The PP’s parliamentary spokesman Eduardo Zaplana denounced the law, stating that “Parliament has never before been used to look back at that tragic and dramatic moment of history, the civil war.” PP deputy Juan Costa accused the PSOE of being “willing to shatter the consensus that has given us democratic stability for 30 years.”

The new law has been watered down in significant ways and makes major concessions to the right wing. Nevertheless, it does indeed shatter the so-called “consensus,” threatening to bring to the surface all the unresolved political problems of the civil war, the victory of the fascists and the ensuing decades of repression.

The foundations of today’s parliamentary monarchy and constitution were erected on the suppression of the experiences of the civil war in a “pact of forgetting” agreed by the PSOE, the Spanish Communist Party (PCE) and the leaders of Franco’s regime whose main concern was to prevent a revolutionary reckoning with the old order as it collapsed. In the 30 years since the transition, not one fascist has faced trial, and the summary executions of Franco’s opponents have never been overturned in Spanish law. Many of those involved retained their power, privileges and ill-gotten fortunes—including Franco’s family, which remains one of the wealthiest in Spain.

The right wing has denounced the Historical Memory Law and its introduction by a government it already condemns as illegitimate and which it has tried to destabilise.
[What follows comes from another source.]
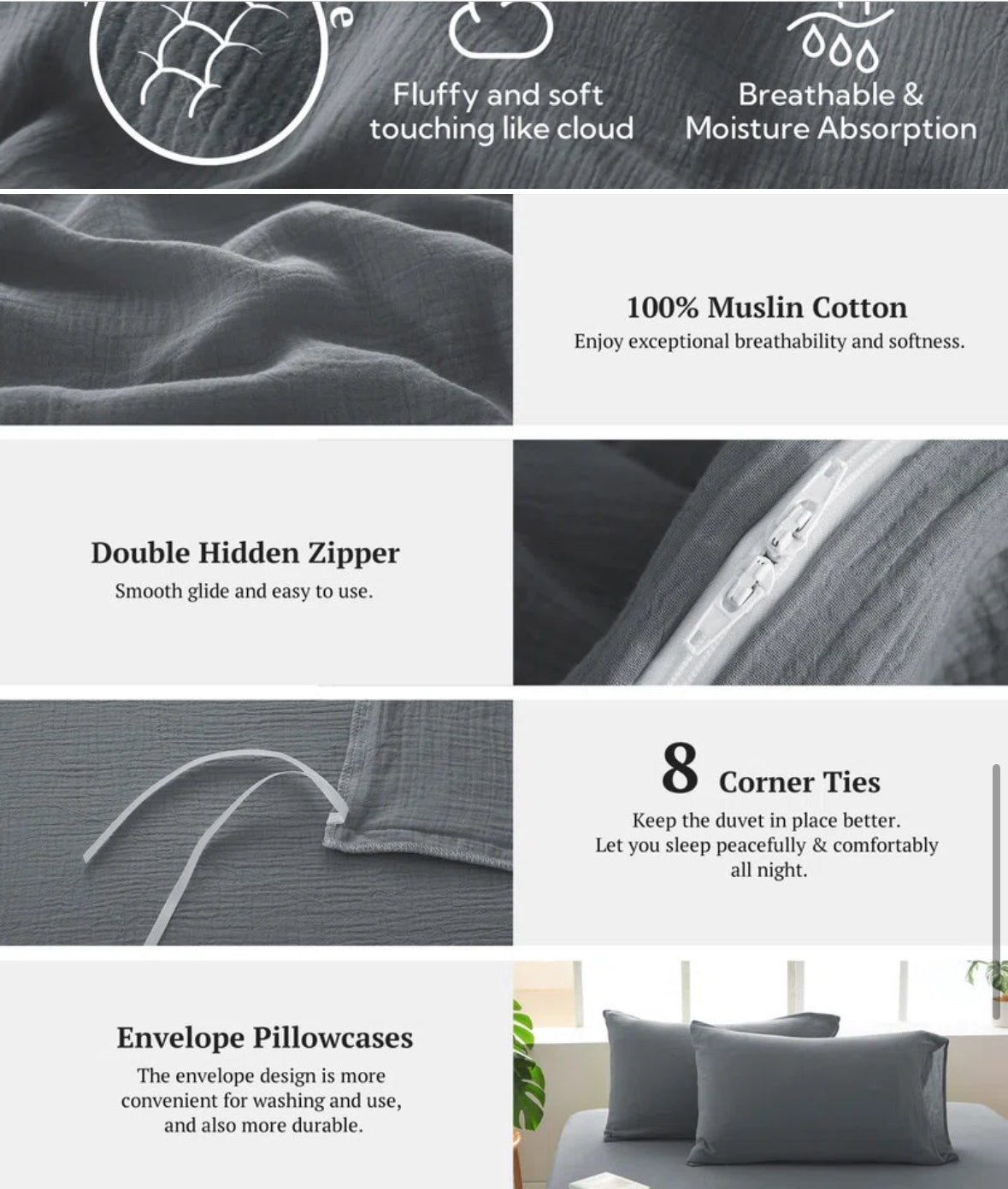 Bedding - King Size Mildly Muslin 100% Coton Duvet Cover Set - T&F 5.19.25

The PSOE was elected to office in March 2004, as a result of a leftward movement of the working class that brought down the PP government of José María Aznar. The PSOE’s victory followed the Madrid train bombings, carried out by Islamic extremists, but which Aznar had attempted to blame on the Basque separatist movement, ETA. The government’s lies became the focus for the overwhelming hostility to Aznar’s alliance with the Bush administration and Spain’s participation in the war against Iraq and opposition to the PP’s neo-liberal economic policies.

During the 2004 elections, the PSOE made a feint to the left. It ran on the basis of support for annulling death sentences passed by the fascist courts, which Franco often countersigned, hundreds at a time, without even reading the charges.

However, the PSOE quickly abandoned its promises. Ramón Jáuregui Atondo Álava, PSOE spokesman for the Constitutional Commission of the Chamber of Deputies, justified the decision, declaring, “We cannot, and we should not—I add—in one fell swoop, do away with all the judicial certainty developed over 40 years, annulling thousands of judgments, even if we do all acknowledge the lack of justice or judicial guarantees thereof.”

As a result, those who were responsible for the executions will remain free from prosecution as they have under successive administrations—a situation the human rights organisation Amnesty International has condemned as a contravention of international law.

The PSOE is opposed to prosecuting the fascists—many of whom have been senior members of the PP and its forerunner, the Popular Alliance (AP)—because it would further discredit the institutions created during the transition. Manuel Fraga, a senior minister under Franco, was instrumental in transforming the AP into the PP in 1989 and grooming Aznar, who became PP president and then prime minister in 1996.

Instead of a comprehensive annulment of the court sentences, Franco’s victims and their families will only be allowed to “solicit individual reparation” before a council of five appointed senior social scientists who will examine the merits of each case and decide whether or not to annul the sentences and pay compensation—a process that could take decades.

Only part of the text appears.